What To Do When There’s a Bug in Production

There is nothing quite as bone-chilling to a software tester than the realization that a bug has been found in Production!  In this post, I’ll walk through a series of steps testers can take to handle Production bugs and prevent them in the future.

Step One: Remain Calm

Because we are the ones who are testing the product and signing off on the release, it’s easy to panic when a bug is found in Production.  We ask ourselves “How could this have happened?” and we can be tempted to thrash around looking for answers.  But this is not productive.  Our top priority should be to make sure that the bug is fixed, and if we don’t stay calm, we may not investigate the issue properly or test the fix properly.

Step Two: Reproduce the Issue

If the issue came from a customer, or from another person in your company, the first thing to do is to see if you can reproduce the issue.  It’s possible that the issue is simply user error or a configuration problem.  But don’t jump to those conclusions too quickly!  Make sure to follow any steps described by the user as carefully as you can, and wherever possible, make sure you are using the same software and hardware as the user: for example, use the same type of mobile device and the same build; or the same type of operating system and the same browser.  If you are unable to reproduce the issue, ask the user for more information and keep trying.  See How to Reproduce A Bug for more tips.

Step Three: Gather More Information

Now that you have reproduced the issue, gather more information about it.  Is the issue happening in your test environment as well?  Is the issue present in the previous build?  If so, can you find a build where the issue is not present?  Does it only happen with one specific operating system or browser?  Are there certain configuration settings that need to be in place to see the issue?  The more information you can gather, the faster your developer will be able to fix the problem.

Step Four: Understand the Root Cause

At this point, your developer will be working to figure out what is causing the bug.  When he or she figures it out, make sure they tell you what the problem was, and make sure that you understand it.  This will help you figure out how to test the fix, and also to determine what regression tests should be done.

Step Five: Decide When to Fix the Issue

When there’s a bug in Production, you will want to fix it immediately, but that is not always the best course of action.  I’m sure you’ve encountered situations where fixing a bug created new ones.  You will want to take some time to test any areas that might have been impacted by the fix.

When trying to decide when to fix a bug, think about these two things:

  • how many users are affected by the issue?
  • how severe is the issue?

You may have an issue where less than one percent of your users are affected.  But if the bug is so severe that the users can’t use the application, you may want to fix the bug right away.

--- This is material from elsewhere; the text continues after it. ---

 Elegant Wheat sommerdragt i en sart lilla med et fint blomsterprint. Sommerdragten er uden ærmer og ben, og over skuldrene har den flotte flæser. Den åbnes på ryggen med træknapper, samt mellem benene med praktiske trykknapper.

Or, you may have an issue that affects all of your users, but the issue is so minor that their experience won’t be impacted.  For example, a misaligned button might not look nice, but it’s not stopping your users from using the application.  In this case, you might want to wait until your next scheduled release to fix the issue.

Step Six: Test the Fix

When you test the bug fix, don’t check it just once.  Be sure to check the fix on all supported browsers and devices.  Then run regression tests in any areas affected by the code change.  If you followed Step Four, you’ll know which areas to test.  Finally, do a quick smoke test to make sure no important functionality is broken.

Step Seven: Analyze What Went Wrong

It’s tempting to breathe a big sigh of relief and then move on to other things when a Production bug is fixed.  But it’s very important to take the time to figure out exactly how the bug got into Production in the first place.  This is not about finger-pointing and blame; everybody makes mistakes, whether they are developers, testers, product owners, managers, or release engineers.  This is about finding out what happened so that you can make changes to avoid the problem next time.

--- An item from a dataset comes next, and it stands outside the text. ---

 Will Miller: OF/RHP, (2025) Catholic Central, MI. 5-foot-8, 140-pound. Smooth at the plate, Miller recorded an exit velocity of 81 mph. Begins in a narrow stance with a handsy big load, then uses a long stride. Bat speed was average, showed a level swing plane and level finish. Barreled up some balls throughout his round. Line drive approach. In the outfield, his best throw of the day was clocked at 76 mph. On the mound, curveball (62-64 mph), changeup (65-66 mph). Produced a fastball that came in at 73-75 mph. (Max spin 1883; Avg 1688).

Perhaps your developers made a code change and forgot to tell you about it, so it wasn’t tested.  Perhaps you tested a feature, but forgot to test it in all browsers, and one browser had an issue.  Maybe your product owner forgot to tell you about an important use case, so you left it out of your test plan.

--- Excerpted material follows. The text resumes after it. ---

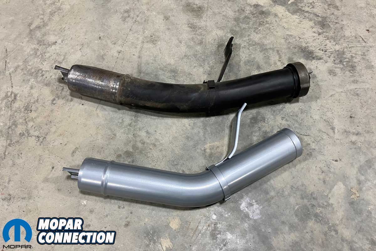 Above Left: It is obvious there is a difference in length and angle between the ’73 filler neck (top) and the ’71 filler neck (bottom). Above Right: Because we elected to use the ’71 bumper brackets, the bumper was drawn closer to the body. We correspondingly had to use the shorter and more angle ’71 filler neck for our application.

Whatever the issue, be sure to communicate it clearly to your team.  Don’t be afraid to take responsibility for whatever your part was in the issue.  See my post on Extreme Ownership for more details.

Step Eight: Brainstorm Ways to Prevent Similar Issues in the Future

Now that you know what went wrong, how can you prevent it from happening again?  Discuss the issue with your team and see if you can come up with some strategies.

You may need to change a process: for example, having your product owner sign off on any new features in order to make sure that nothing is missing.  Or you could make sure that your developers let you know about any code refactoring so you can run a regression test, even if they are sure they haven’t changed anything.

You may need to change your strategy: you could have two testers on your team look at each feature so it’s less likely that something will be overlooked.  Or you could create test plans which automatically include a step to test in every browser.

You may need to change both your process and your strategy!  Whatever the situation, you can now view the bug that was found in Production as a blessing, because it has resulted in you being a wiser tester, and your team being stronger.